The Identities page aggregates users across every active tenant your organisation owns. When one of those tenants' identity stores is temporarily unreachable (transient infrastructure issue, partial outage), the aggregate doesn't fail entirely — it serves the rows it can reach and surfaces a per-tenant error notice for the rest. This page explains the degraded surface and what to do.
The partial-failure pattern
Section titled “The partial-failure pattern”If everything is healthy, the Identities page shows one big paginated list with rows from every tenant interleaved. When one tenant's identity store can't be reached:
- Rows from every healthy tenant still appear.

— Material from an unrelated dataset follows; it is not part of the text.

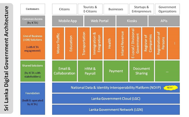 스리랑카의 e-정부 정책은 2009년도에 처음 내각 승인을 받아 2010-2012년동안 각 부처기관들에 시행령이 내려졌으며 ICTA(Information and Communication Technology Agency)에서 정책 검토 및 그 실행에 대한 모니터링을 담당하는데, 850개 이상의 정부 기관들을 Lanka Government Network(LGN)로 연결하고 Lanka Government Cloud(LGC)를 관리한다. 앞으로는 총 3,500개의 정부 조직을 연결하고, 전국의 우체국을 IT 네트워크로 연결하여 7,500여개의 지역을 와이파이 구역 설치와 함께 IT로 관할하고자 한다.
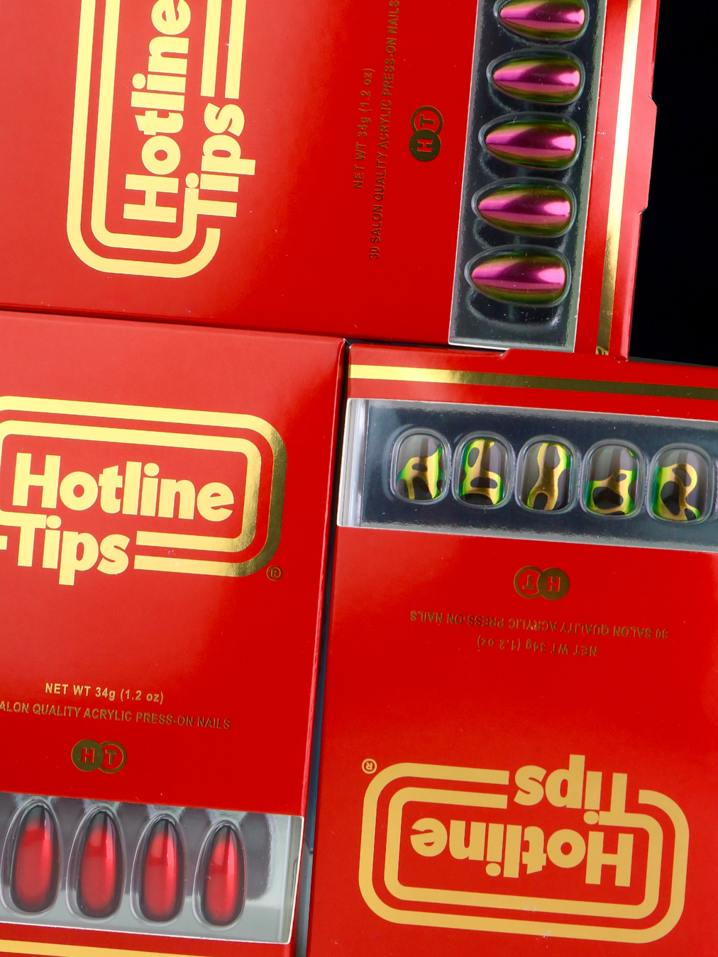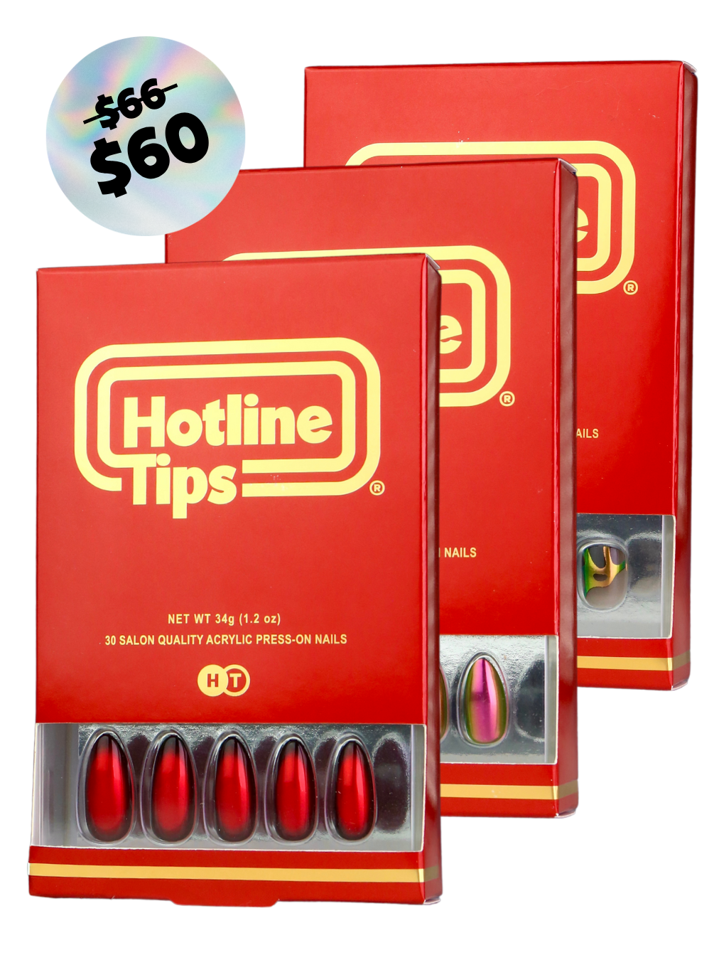 She didn’t just show up — she made an entrance. Volume 1 of the Power-Up Collection is the official debut of Hotline Tips: three high-impact, mood-shifting press-on sets designed for maximum drama and minimal effort.

- A small banner at the top of the table lists tenants that couldn't be queried, with a "Retry" link.
- Total count in the page header carries an approximate marker (e.g. "120+ identities") rather than an exact number, since the unreachable tenants' counts aren't included.
What you don't see:
- Rows from the unreachable tenant. They're not "missing" from the database — they just couldn't be fetched right now.
- A hard failure. The page renders fully; you can still search, paginate, and click through to reachable tenants' detail pages.
What to do when you see partial failure
Section titled “What to do when you see partial failure”Three steps, in order:
- Identify which tenant is unreachable. The banner names it. If multiple tenants are affected, the banner lists them all (truncated to first 3 + a "and N more" if there are many).
- Check the affected tenant's state. Open its detail page at
/dashboard/tenants/<id>. If it's in Suspended state, that explains the unreachability — suspended tenants reject identity-store queries. If it's in Active state, the issue is infrastructure-side. - Click Retry on the banner. Transient issues clear themselves; clicking Retry re-attempts the unreachable tenants. If the second attempt also fails, escalate per Incident response runbook.
When this is normal
Section titled “When this is normal”Two cases where partial-failure rendering is expected:
- Tenant is in Suspended state. Suspending a tenant gates its identity store too. The Identities page shows the suspension as the reason in the banner, not a generic "unreachable."
- Tenant is currently provisioning or decommissioning. The identity store may be coming up or shutting down; the aggregate skips it cleanly.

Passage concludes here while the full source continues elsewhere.